'''
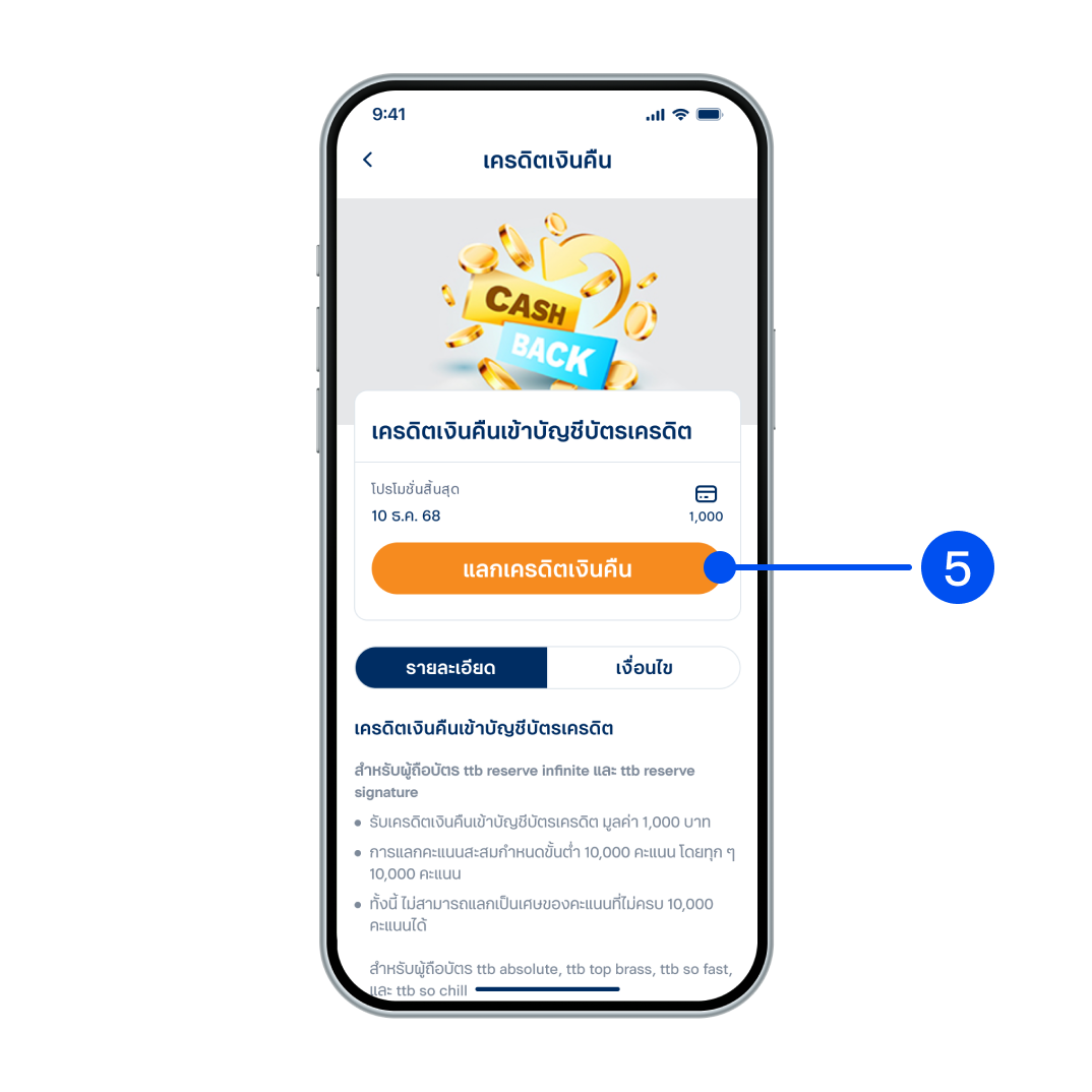 5. อ่านรายละเอียดบริการ จากนั้นเลือก “แลกเครดิตเงินคืน”
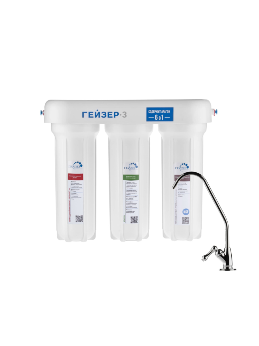 Гейзер-3 К Люкс оснащён тремя этапами очистки, выполняемыми специальными картриджами:
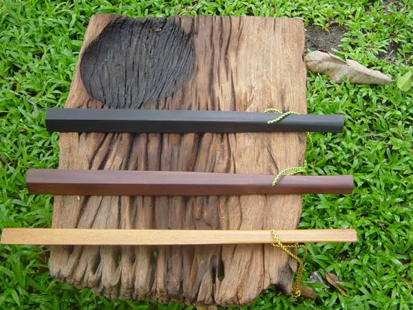 ไม้คมแฝก ใช้ไม้เนื้อแข็ง พวก ชิงชัน เหลาให้เป็นเหลี่ยมคม จะคมเหมือนขอบไม้บรรทัดเหล็ก ตีตรงไหนก็แตกตรงนั้น ไม้คมแฝกส่วนใหญ่จะมีลักษณะคล้ายสี่เหลี่ยมขนมเปียกปูน แต่แบบนี้ตียากเพราะต้องจับให้เหมาะเหลี่ยม บางทีก็เจอที่เหลารูปหกเหลี่ยม แปดเหลี่ยมเหมือนกัน แบบหลายเหลี่ยมตีแตกง่าย โดนตรงไหนก็แตกแต่แผลไม่ลึกเท่าแบบขนมเปียกปูน
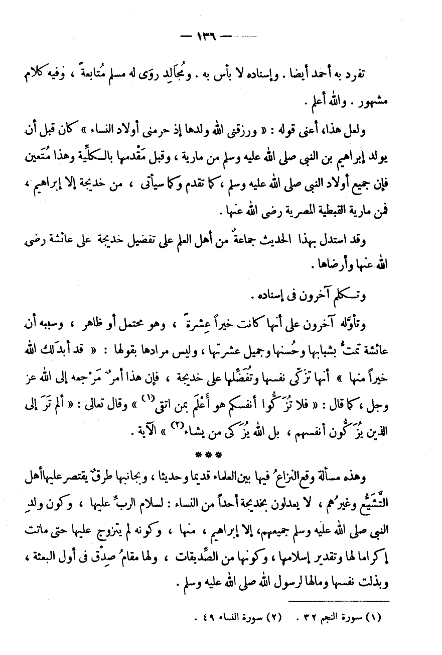 * * * وَهَذِهِ مَسْأَلَةٌ وَقَعَ النِّزَاعُ فِيهَا بَيْنَ الْعلمَاء قَدِيما وحديثا، وبجانبها طرق يقْتَصر عَلَيْهَا أَهِلُ التَّشَيُّعِ وَغَيْرُهُمْ، لَا يَعْدِلُونَ بِخَدِيجَةَ أَحَدًا مِنَ النِّسَاءِ: لِسَلَامِ الرَّبِّ عَلَيْهَا، وَكَوْنِ وَلَدِ النَّبِيِّ صَلَّى اللَّهُ عَلَيْهِ وَسَلَّمَ جَمِيعِهِمْ، إِلَّا إِبْرَاهِيمَ، مِنْهَا، وَكَوْنِهِ لَمْ يَتَزَوَّجْ عَلَيْهَا حَتَّى مَاتَت إِكْرَاما لَهَا وَتَقْدِير إِسْلَامِهَا، وَكَوْنِهَا مِنَ الصِّدِّيقَاتِ، وَلَهَا مَقَامُ صِدْقٍ فِي أَوَّلِ الْبِعْثَةِ، وَبَذَلَتْ نَفْسَهَا وَمَالَهَا لِرَسُولِ الله صلى الله عَلَيْهِ وَسلم.
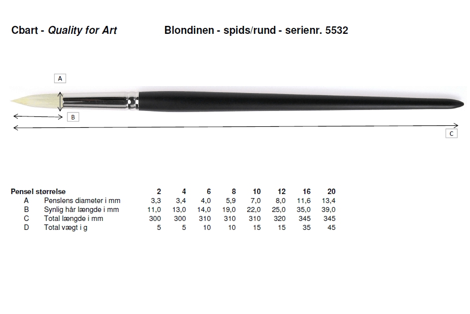 Generelt kan sige om Cbarts pensel, BLONDINEN, at det er en kunstnerpensel i rigtig god kvalitet. Penslen har blonde lange syntetiske hår, som er hule og derfor kan holde meget maling. Penslen er velegnet til både olie og akryl, har forholdsvis lange hår og en virkelig god elasticitet. En slidstærk pensel, som holder formen godt. BLONDINEN har langt matsort lakeret skaft. Cbarts pensler er produceret i Europa og overholder de strengeste krav til miljø og arbejdsmiljø. Desuden anvendes kun FSC® certificeret træ, samt maling/fernis der overholder samme krav som er gældende for legetøj. Se penslens specifikationer under fotos.
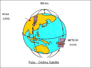 2. ชนิดวงโคจรผ่านใกล้ขั้วโลก ( Near Polar Orbiting Meteorological Satellite )โคจรผ่านใกล้ขั้วโลกเหนือและใต้ มีความสูงจากพื้นโลกประมาณ 850 กิโลเมตร โคจรรอบโลกประมาณ 102 นาที ต่อ 1 รอบ ในหนึ่งวันจะหมุนรอบโลกประมาณ 14 รอบ และจะเคลื่อนที่ผ่านเส้นศูนย์สูตรในเวลาเดิม (ตามเวลาท้องถิ่น) 2 ครั้ง โดยโคจรเคลื่อนที่จากขั้วโลกเหนือไปยังขั้วโลกใต้ 1 ครั้ง และโคจรเคลื่อนที่จากขั้วโลกใต้ไปยังขั้วโลกเหนืออีก 1 ครั้ง การถ่ายภาพของดาวเทียมชนิดนี้ จะถ่ายภาพและส่งสัญญาณข้อมูลสู่ภาคพื้นดินในเวลาจริง ( Real Time ) ในขณะที่ดาวเทียมโคจรผ่านพื้นที่นั้น ๆ โดยมี Track ความกว้าง 2,700 กิโลเมตร
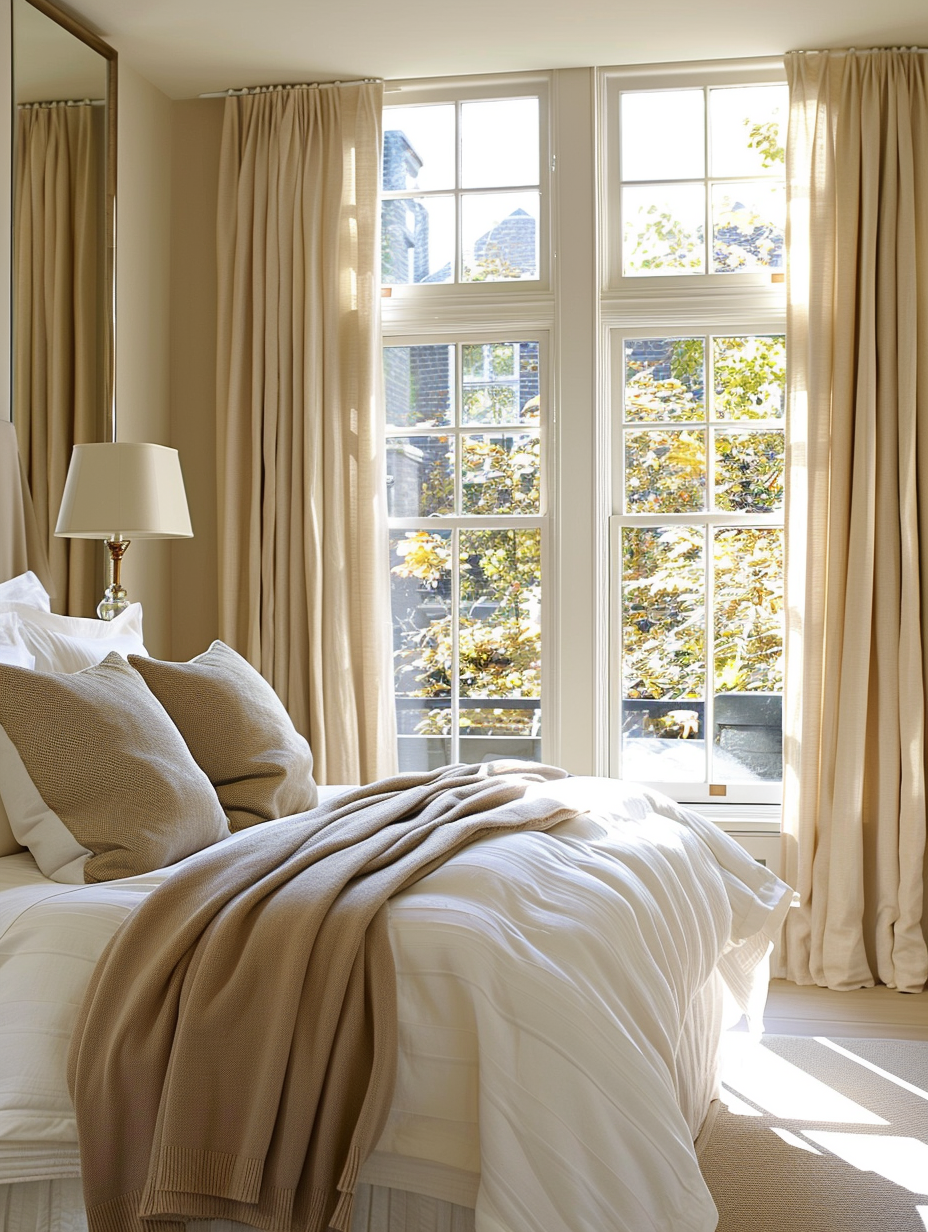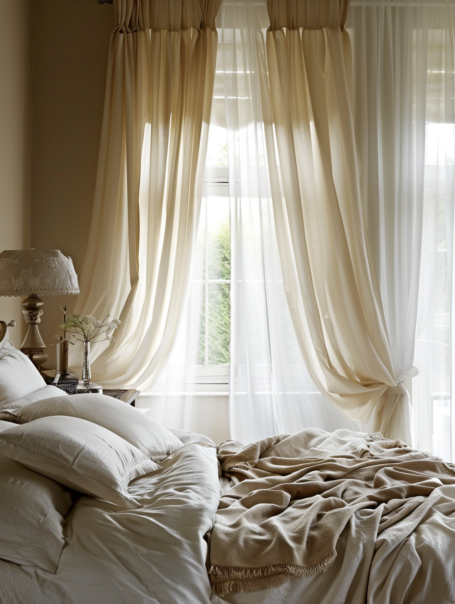 Window treatments are a fundamental part of bedroom decoration as they give people privacy, light control, and an appealing look. Window treatments such as curtains, blinds, and shades are made from various materials, colors, and styles, so they can fit different themes and preferences. You may also want to try thin transparent curtains with thicker blinds to create a flexible and stylish window treatment with elegant taste.
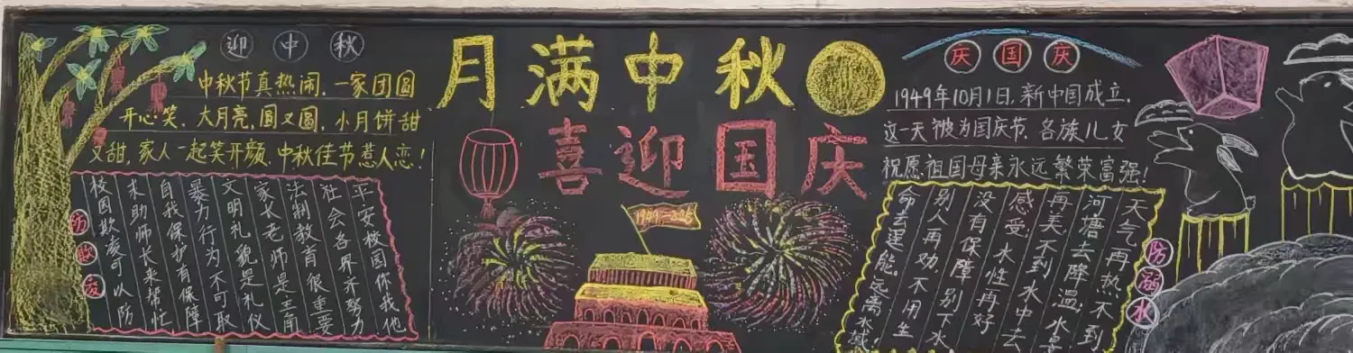 “国庆遇中秋”主题黑板报展示活动中,各班发挥创意,将国庆元素与中秋特色巧妙结合。有的班级用灯笼、月亮图案搭配;有的以“月满中秋,喜迎国庆”为主题,绘制天安门与圆月同框的画面。教室里的黑板报色彩鲜明,内容丰富,成为校园里一道独特的风景线,吸引着学生驻足观看。
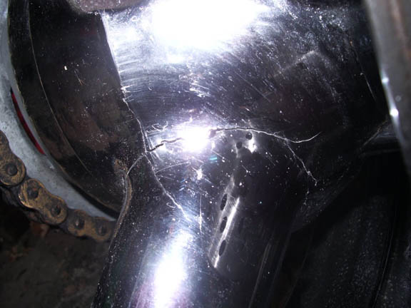 The pressure dropped more because the short ride I took yesterday morning caused the wheel to crack more. I swear this wheel is close to breaking. 2 of the 3 spokes are cracked, and the one in the photo is actually broken open. So I'm talking to Bill, one of the owners of Flatout Racing where I bought the bike in 2002 and he's explaining that he's seen a lot of cracked Busa wheels...from folks 'stuntin' and such. I do the occasional wheelie and rolling burnout...that's it. Fucker quoted me a price for a new chrome wheel at $900+...FOR ONE FUCKIN' PRONE TO CRACKING SUZUKI WHEEL!!
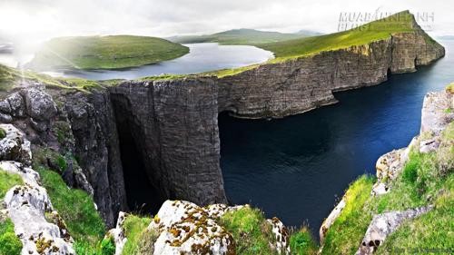 Hồ Leitisvatn hay còn gọi là Sørvágsvatn là hồ lớn nhất của quần đảo Faroe, một nhóm đảo trong vùng biển Na Uy, ở giữa Iceland, Na Uy và Scotland. Điều kỳ lạ là hồ nước này nằm chênh vênh cao hơn so với mặt nước biển. Thoạt nhìn, bạn sẽ ngỡ hồ Leitisvatn do các vị thần tạo nên nhưng thực chất nó là sản phẩm của mẹ thiên nhiên. Một vách đá dựng đứng chắn phía trước và do góc chụp khiến bạn tưởng vùng hồ này nằm rất cao so với mực nước biển. Tuy vậy, sự thực là hồ chỉ cao hơn mực nước biển 30m.
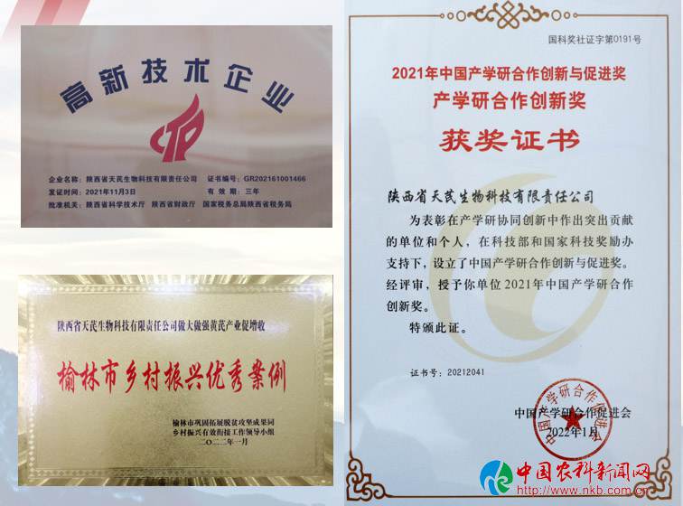 榆林合力天芪生物公司着力解决产业发展中的各类技术难题,从攻克技术项目、攻关申报项目、攻坚课题项目等方面,将研究成果转化为企业发展的核心竞争力;通过开展高效液相色谱仪培训、赴三川口黄芪中药材示范基地实践培训等活动,不断提高党员干部适应本职工作的专业水平;在质量检测方面,针对前处理车间生产样品和提取车间提取物样品进行净含量、外包装、水份、灰份、重金属、微生物、农药残留检测,严格把关、保证产品质量。在甘草酸粉提纯过程中,通过对工艺中温度、时间、溶剂、料液比、絮凝剂等因素进行优化试验、改善设计,提高了提取物产品澄清度和收率,平衡甘草酸、甘草苷的比例,目前该项技术已达到国内领先水平,使得天芪生物公司成为国内掌握该技术的两家单位之一,2023年签订提取物订单100吨,提高了植物提取车间设备利用率,年产值达到1050万元;先后荣获“榆林市乡村振兴优秀案例”“2021年中国产学研合作创新与促进奖”“榆林市企业研发投入20强”等荣誉。
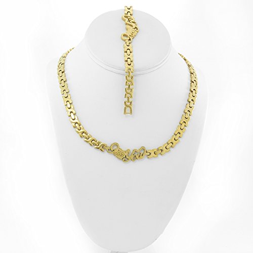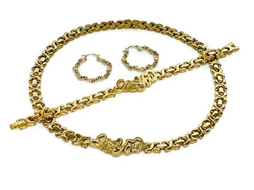 This classic "hugs and kisses" (XOXO) stampato set is made of high quality stainless steel.The hoop earrings add to a great finished set. Wear this versatile set with any outfit for any occasion. Combo set includes: Stainless Steel stampato set. Gold filled hoop earrings.Feature
'''
_What you have to do_
Exactly the lines from the top of the listing through the line holding "Гейзер-3 К Люкс" should be repeated, with pictures left out.

_Written solution_
 5. อ่านรายละเอียดบริการ จากนั้นเลือก “แลกเครดิตเงินคืน”
 Гейзер-3 К Люкс оснащён тремя этапами очистки, выполняемыми специальными картриджами:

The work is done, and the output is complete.